# Large tanks inside top floor apartments



## eagl97 (Dec 26, 2006)

I'm thinking of getting a 135gal but I live in a top floor apartment. Does any one have any experinces with own a large tank in an apartment?


----------



## Aussie_cichlid (May 12, 2007)

i have had a pool table largest size they do ( the pro size things) weighed heaps as slate and every) we had that upstairs middle of the room (( house made of timber) and we had no issures,

i also had a 300littre tank against wall in same room.

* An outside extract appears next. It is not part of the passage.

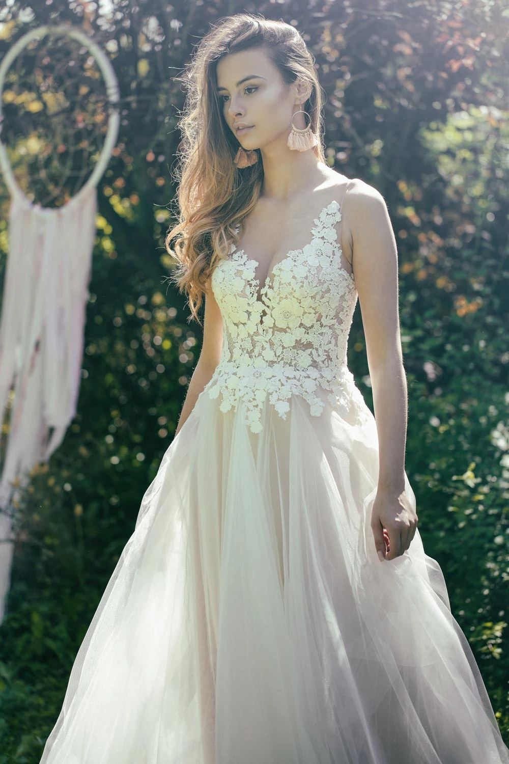Présentée en photo avec bustier nude recouvert de dentelle ivoire et jupe nude recouverte de tulle ivoire.

Id say its fine, aslong as its not some old run down rotting apartment


----------



## eagl97 (Dec 26, 2006)

no, it's a nice apartment


----------



## fumoffu (Apr 23, 2008)

check with the management, and check your renter's insurance if you feel like being cautions


----------



## Andrius (Feb 18, 2008)

well i live in 11th floor and have 55g and 65g in my living room, had no issues yet. I think that as long as you can keep your tank in good condition and leveled then you'll have no problems. Even better would be to get an acrylic tank, those don't brake as much as i know. good luck


----------



## redrider93 (May 2, 2008)

Seems to me that many newer apartment buildings would be made with concrete subfloors. If that's the case, you should be fine.


----------



## CDMOK (Mar 28, 2008)

My only concern would be having to move that thing eventually! Eeeeek


----------



## MalawiLover (Sep 12, 2006)

Check the renters info if they allow waterbeds. A kingsized water bed can weigh up to 1500lbs (not including and weight from a cabbinet style headboard). I know its distributed over a larger area, but it is a good place to start. There is also an article concerning tank weights and floorsin the library section


----------



## fishghost (Jul 27, 2003)

You should be fine...I have a 125 in my living room going on 4 years and have had no problems.


----------